The imbalance is not merely moral; it is economic. Climate damage now functions as a macroeconomic shock. It weakens food security, fuels inflation, strains balance-of-payments positions and undermines investor confidence. Each disaster increases the likelihood of fiscal slippage and external vulnerability.

Treating climate finance as discretionary assistance ignores the systemic risks that climate instability creates for the global economy as a whole.

There is also a credibility gap at work. Rich countries built prosperity through carbon-intensive growth and continue to enjoy its dividends. When they delay meaningful financial contributions, the cost is effectively transferred to countries with fewer resources and weaker safety nets. Pakistan pays through destroyed livelihoods, damaged infrastructure and repeated rebuilding of the same assets. These losses accumulate quietly, shaping long-term development prospects and social cohesion.

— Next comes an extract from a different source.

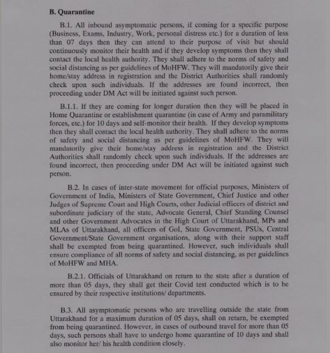 इसके साथ-साथ प्रदेश सरकार ने क्वारंटीन के नियमों में भी कुछ रियायत दी गई है। सात दिन से कम समय के लिए किसी जरूरी कार्य के लिए आने वाले व्यक्ति को क्वारंटीन की जरूरत नहीं। सात दिन से अधिक समय के लिए आने पर 10 दिन सेल्फ क्वारंटीन रहना होगा। इसके अलावा राज्य में केंद्र व राज्य सरकार के मंत्रियों, न्यायाधीशों को क्वारंटीन होने से छूट दी गई है लेकिन इस दौरान उन्हें सोशल डिस्टेंसिंग का पालन करना होगा। राज्य में आने वाला हर व्यक्ति जिसके पास चार दिन की कोविड निगेटिव रिपोर्ट है, उन्हें होम क्वारंटीन नहीं होना होगा।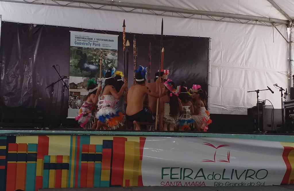 Na tarde de 30 de abril, no palco principal da Praça Saldanha Marinho, foi realizada a ação Leitura Inclusiva: Cultura Indígena. Foram promotores da ação a Aldeia Indígena Guarani Mbyá -Tekoá Guaviraty Porá, a Escola Indígena YVYRA IJA TENONDE VERA MIRI, a Aldeia Indígena Kaingang Três Soitas, a Escola Indígena AUGUSTO OPE DA SILVA, o Núcleo de Acessibilidade da Coordenadoria de Ações Educacionais da Universidade Federal de Santa Maria. Confira notícia Todo Dia é dia de Índio no site da Feira do Livro: http://feiradolivrosm.com.br/?p=3263.

None of this absolves Pakistan of responsibility for improving its own climate governance. Project preparation, institutional coordination and transparency matter. Efficient use of available funds is essential. But domestic reform cannot compensate for a global financing failure. Adaptation without external support remains limited in scale and reach, regardless of policy intent.

The only credible path forward lies in sustained, predictable and meaningful financial transfers from high-emitting economies to climate-vulnerable states. That financing must prioritise grants and highly concessional instruments, focus on adaptation as much as mitigation, and operate with urgency rather than procedural delay. Climate justice cannot move at donor speed while climate damage unfolds in real time.

Pakistan’s case is neither unique nor exceptional. It reflects a broader pattern affecting countries that sit at the front-line of climate disruption without having contributed materially to its cause. Until responsibility and cost are aligned, the global climate regime will remain unequal and ineffective.

Climate change has already imposed its verdict. The unresolved question is whether those most responsible for the crisis are prepared to finance its consequences. Without that commitment, countries like Pakistan will remain trapped in a cycle of damage and repair, paying repeatedly for a crisis they did not create.